Изменить стиль страницы

— Так очень прошу, чтобы никто…

— Понятно, понятно. Теперь идите, Сахотин, в лагерь и не занимайтесь больше агитацией против Германии. Я вас на этот раз отпускаю, ну а в следующий раз вам придется беседовать уже не со мной.

— Что вы, господин хауптман, я понятия не имею… — опять похолодел Сахотин. Откуда этот проклятый «Маннергейм» взял, что он занимался агитацией? Наоборот… Он никогда не интересовался этими делами.

— Хорошо. Идите.

В дверях замка он столкнулся с Александровым. Тот подозрительно посмотрел на Сахотина:

— Зачем это вас вызывали?

— Да так, пустяки. Я просился на другую работу. Отказали, сволочи.

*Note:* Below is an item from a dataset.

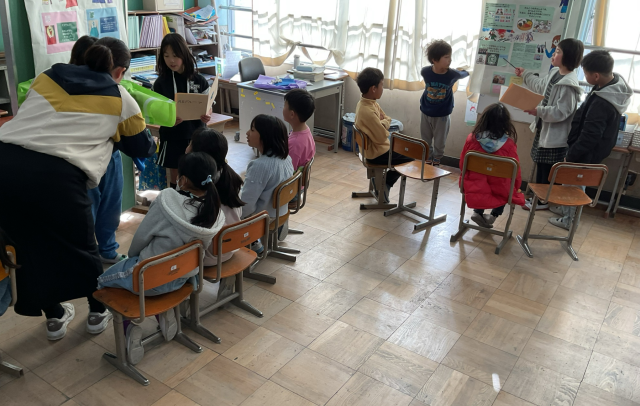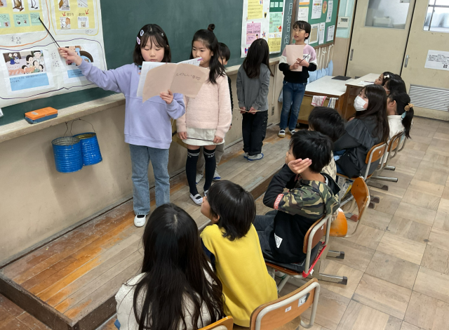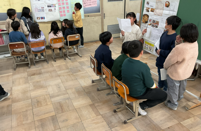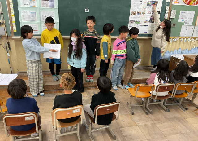 先週金曜日、学習発表会に向けて取り組んできたことを、隣のクラスの友だちに向けて発表し合いました。
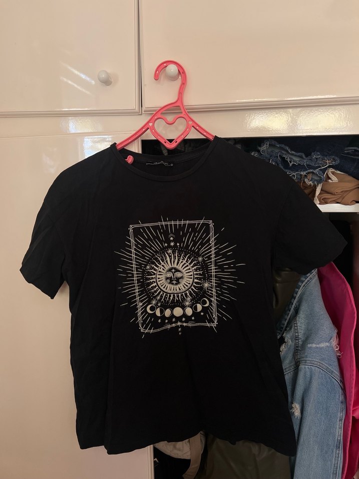 Siyah, baskılı, kısa kollu, yuvarlak yakalı ve bol kesim kadın tişörtü. Yumuşak dokulu kumaştan, günlük kullanıma uygun grunge punk tarzında. #tarot #tişört

В комнате он заметил бледного Дробыша, который складывал что-то в свой мешок.

«Тоже подписал», — облегченно подумал Сахотин, глядя на расстроенное лицо капитана.

Дробыш считал себя погибшим. Он несколько раз порывался рассказать о том, что случилось с ним, товарищам, но боялся. А вдруг подумают, что он все же подписал и оправдывается… Нет. Пока лучше молчать. Он собрал свои вещи и ждал, когда его позовут. Но прошел день, потом второй, Дробыша никто не трогал, только перестали давать добавочную миску супа.

Понемногу капитан стал приходить в себя. То, что он нашел силы отказаться от подписи, наполняло его уважением к самому себе. Пусть говорят про него что хотят, а Георгий Дробыш никогда не станет подлецом. Он вырос в собственных глазах, и теперь ему хотелось общаться с товарищами, жить их интересами…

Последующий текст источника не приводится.